After cooking three dozen jumbo eggs with plenty of cheese mixed in, hash browns, bacon and countless bagels (which we toast by putting them facedown on the griddle) and serving them to about 20 women, I took a bagel (kindly donated by the Palatine Great American Bagel–thanks!) and sat and talked to one of the guests, who told me excitedly that she was on the list to get a CHA apartment within the next two weeks, and how God had just been blessing her over and over lately.
We had a lovely conversation and she asked me how long we’d been volunteering there. I told her about two years, and she asked, “Why do you do it? What’s in it for you?”
I pondered that one. I told her because the Bible says we should care for those in need, and that when we do, it’s as if we did it to him. “So for me, to be here serving breakfast, it’s worship,” I told her. She nodded knowingly.

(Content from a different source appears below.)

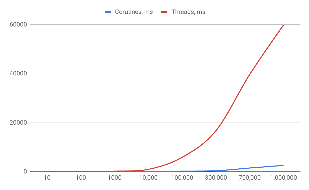 We will create and execute simultaneously a lot of coroutines and a lot of threads (10, 100, 1k, 10k, 100k, 300k, 1m) and let them do some pseudowork (let it be empty method first, without any heavy task or delay).

We talked about the value of living simply, whether you are in a shelter, a CHA apartment, or a suburban tract house. She told me about losing her job and her apartment, and ending up on the street. She told me about how God had led her to Breakthrough, which runs this shelter.
I admitted that sometimes my neighbors are busy, and it’s hard to gather a group to go even one Saturday a month, and I wonder if it’s worth it. But then I’m there, and I’m always glad I came. Because I realize, for me, cooking breakfast for these women is a spiritual practice. It opens up space for God to make his presence felt in my heart. When I carry a plate to the table for a woman who walks slowly with a cane, I feel God smile. When I see the smiles or even the scowls of these women, I’m reminded that God is mindful of them and their plight.
It’s a small, simple act of compassion, to get up early one Saturday a month, to have a conversation with women I would not otherwise cross paths with, and be surprisingly blessed by that conversation. I feel so lucky I get to do this, that I get to experience God’s presence in this way.